In article <4c1995e5$0$26118$afc38c87@news.optusnet.com.au>, "Peter Webb" <webbfamily@DIESPAMDIEoptusnet.com.au> wrote:
> > > > It is proof that there is no countable set of all real numbers, since > > any alleged such set is provably and constructably incomplete. > > > > Similarly, it is proof that there is no countable set of all > > constructable numbers, since any alleged such set is provably and > > constructably incomplete. > > I hate to disagree with you, because we are on much the same "side", but > this is not correct. Cantor's proof shows that you cannot form a list of all > Reals. This is not the same as the Reals being uncountable.

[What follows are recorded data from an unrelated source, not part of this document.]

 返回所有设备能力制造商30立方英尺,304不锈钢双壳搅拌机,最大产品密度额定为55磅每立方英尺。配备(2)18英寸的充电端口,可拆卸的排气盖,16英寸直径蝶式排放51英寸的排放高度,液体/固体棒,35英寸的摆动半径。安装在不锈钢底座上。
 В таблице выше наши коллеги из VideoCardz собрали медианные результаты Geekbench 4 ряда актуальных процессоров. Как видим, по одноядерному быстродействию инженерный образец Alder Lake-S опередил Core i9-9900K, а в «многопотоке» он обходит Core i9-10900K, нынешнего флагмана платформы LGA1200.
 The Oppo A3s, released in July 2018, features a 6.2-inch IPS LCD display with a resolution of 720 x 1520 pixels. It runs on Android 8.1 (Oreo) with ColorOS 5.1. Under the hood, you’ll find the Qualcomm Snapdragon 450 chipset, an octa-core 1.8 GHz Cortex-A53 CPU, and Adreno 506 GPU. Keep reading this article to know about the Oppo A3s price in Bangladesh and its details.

If the reals were countable they would be listable, since such a list would be a "counting" of them, so that NOT being listable implies NOT being countable.

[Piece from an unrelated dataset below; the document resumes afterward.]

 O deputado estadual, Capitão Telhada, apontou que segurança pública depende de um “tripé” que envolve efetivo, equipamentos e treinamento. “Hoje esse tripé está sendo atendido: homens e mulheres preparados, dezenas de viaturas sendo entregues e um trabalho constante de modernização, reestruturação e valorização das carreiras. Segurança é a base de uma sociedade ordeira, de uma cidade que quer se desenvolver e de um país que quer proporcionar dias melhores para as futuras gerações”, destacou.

An infinite set is defined to bee countable if and only if there is a surjection from the set of natural numbers to that set. When such a function is a bijection, it is commonly called a list.

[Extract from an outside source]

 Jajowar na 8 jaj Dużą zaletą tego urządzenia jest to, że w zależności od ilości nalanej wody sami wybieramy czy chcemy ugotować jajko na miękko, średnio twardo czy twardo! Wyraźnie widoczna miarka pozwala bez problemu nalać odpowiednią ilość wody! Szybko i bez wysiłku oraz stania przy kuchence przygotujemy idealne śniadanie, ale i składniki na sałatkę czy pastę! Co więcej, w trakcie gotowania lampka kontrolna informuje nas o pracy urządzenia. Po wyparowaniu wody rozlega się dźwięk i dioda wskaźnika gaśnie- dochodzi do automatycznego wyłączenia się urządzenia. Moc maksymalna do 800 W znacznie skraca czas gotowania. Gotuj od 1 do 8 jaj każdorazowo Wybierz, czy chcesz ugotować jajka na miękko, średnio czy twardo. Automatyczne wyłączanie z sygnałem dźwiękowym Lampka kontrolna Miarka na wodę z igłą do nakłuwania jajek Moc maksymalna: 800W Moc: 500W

Since the set of reals is infinite but cannot be listed in this way, it follows that the reals necessarily are NOT countable. > > You can use Cantor's diagonal construction to similarly prove that you > cannot form a list of all computable numbers. However the computable numbers > are in fact countable. You can't simply equate the two concepts; they are > not exactly the same thing.
For infinite sets, listability and countability are equivalent.